Like good little chickens, our hens laid many golden eggs the month of March.

Some of the eggs were much larger than the ones laid last quarter.

When they hatched, they were given a berth in the coop to begin laying golden eggs of their own.

We had to build an extension onto the chicken coop to accommodate the new hen, W. P. Carey.

The Hen That Laid The Golden Eggs

Like a good mother hen looking after her flock, Dr. Janet Yellen gave the markets what they wanted. Just what the good doctor ordered, in fact.

One Federal Reserve president after another made speech after speech, informing us that they felt conditions were right for another interest rate rise. It seemed they were sending up trial balloons to see how the markets would react. Otherwise, they seemed to be preparing the ground work for the next rise in the Federal funds rate.

Surprise, surprise! The following day, esteemed Chairwoman of the Fed, Janet Yellen, acting the good mother hen, inveighed, "now, now, children, let's not rush things."

With her speech at the Economic Club in New York, she put the brakes on another hike in the Fed funds rate.

Yellen's Reservations

Ms.

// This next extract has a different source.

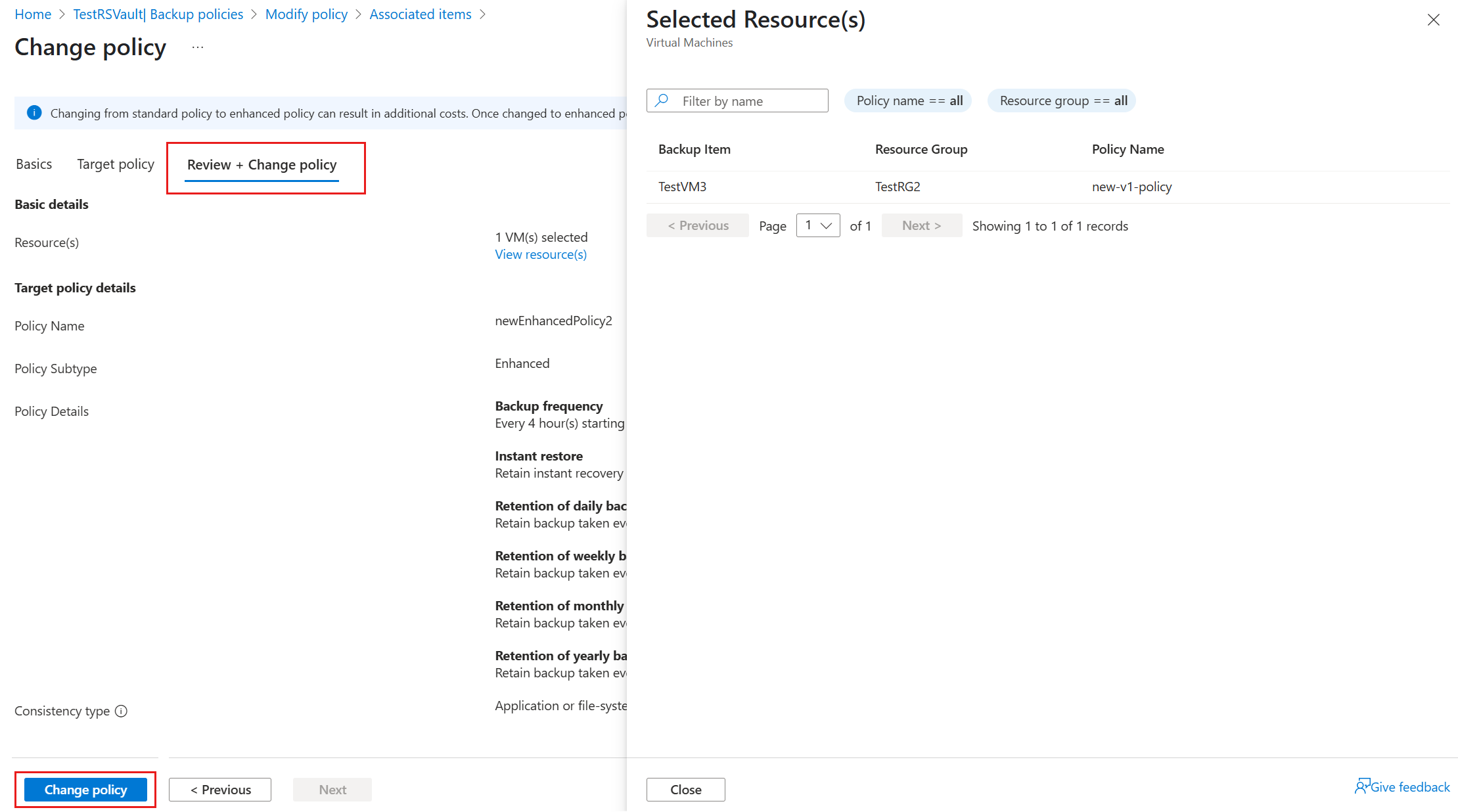 在“ 查看 + 更改策略 ”选项卡上,验证 VM 和目标策略的选择,然后选择“ 更改策略”。

Yellen has always conveyed the importance she placed on data dependency to the marketplace. Though she acknowledged in her speech that inflation was inching closer to the 2% level the Fed has been targeting, and employment numbers have continued to firm, she balanced those data points with others that still have her concerned.

Aside from the U.S., most major areas of the global economy have been slowing down. Even in the face of large new stimulus programs of quantitative easing in Europe by the ECB, economic activity is still slowing down.

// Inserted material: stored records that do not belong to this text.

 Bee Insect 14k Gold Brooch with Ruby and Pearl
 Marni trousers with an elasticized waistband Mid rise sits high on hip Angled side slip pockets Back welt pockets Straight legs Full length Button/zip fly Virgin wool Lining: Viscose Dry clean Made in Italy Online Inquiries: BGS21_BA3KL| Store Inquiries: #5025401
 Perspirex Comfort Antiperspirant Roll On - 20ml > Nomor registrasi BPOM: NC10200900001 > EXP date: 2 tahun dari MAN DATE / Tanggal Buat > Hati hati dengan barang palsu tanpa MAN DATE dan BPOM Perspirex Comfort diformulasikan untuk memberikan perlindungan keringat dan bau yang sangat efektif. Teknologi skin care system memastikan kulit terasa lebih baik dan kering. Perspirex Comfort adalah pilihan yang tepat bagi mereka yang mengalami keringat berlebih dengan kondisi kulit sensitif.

In China and Japan, both of which launched huge monetary stimulus efforts, the effects, so far, have been muted.

Faced with this generally weak global situation, Ms. Yellen understands that if the Fed raised rates now while other major economies were lowering theirs, it would invariably lead to a stronger dollar. A fortified greenback would then make it more expensive for our global trading partners to buy our goods and services.

Not wanting to kill the goose that has laid the golden eggs, the Fed Chair stepped away from the cliff and clucked, "nyet" to increased rates. She even went a step further by implying she might raise rates only once this year, or perhaps not even until 2017.

Fearing the hit to the bottom line of our international corporations, she determined it would be better to err on the side of caution and put any rate increases on hold.

Doubling Down With Yellen

The most noticeable impact of the speech was immediately visible in the reaction of the marketplace. While the Dow Jones Industrial and the S&P 500 rose strongly, to new highs for 2016, the greatest impact was observed in the most interest-rate sensitive sectors of the market, namely the REITs, or real estate investment trusts.

From the recognizable bottom on February 10, 2016, to the end of the quarter, on 3/31/16, a period of some seven weeks, investors began bidding up what had been a very beaten-down sector.

For months, various pundits and authors made the case that if rates were set to continue rising, then the REITs would take it on the chin, due to their heavy dependency on the cost of money to expand their businesses.

I have maintained, for some time, that all businesses that expand their operations are dependent on the cost of money, some more than others, but dependent nevertheless.

My contention was that, as long as the glide path toward rate increases was smooth, slow and gradual, even REITs would be able to adapt to the new regimen appropriately.

After all, this Fed Chairwoman has been telegraphing her clear intent, all along. She has done nothing to make us doubt her. She has kept to her plan and is exercising proper caution to keep our economic recovery on track.

Fundamentals Mean Nothing Compared To The Fed

It has long been the case, and will continue to be so. Remember the trillions of dollars the Fed threw at the financial crisis to keep the banks from collapsing? Remember the trillions the Fed spent to buy Treasury bonds to inject money into the economy and lower interest rates?

The power of the Fed, with bottomless pockets able to create money out of thin air is enough to overwhelm even the toughest economic problems. Creating a wealth effect among investors was its primary aim, and it is succeeding.

What Can The Wealth Effect Accomplish?

The pump priming of the Fed aided the inflation in prices of all assets. As stock prices rose from a 57% collapsed dark hole, investors began to feel wealthier. This aura of wealth let them loosen the purse strings and consumer...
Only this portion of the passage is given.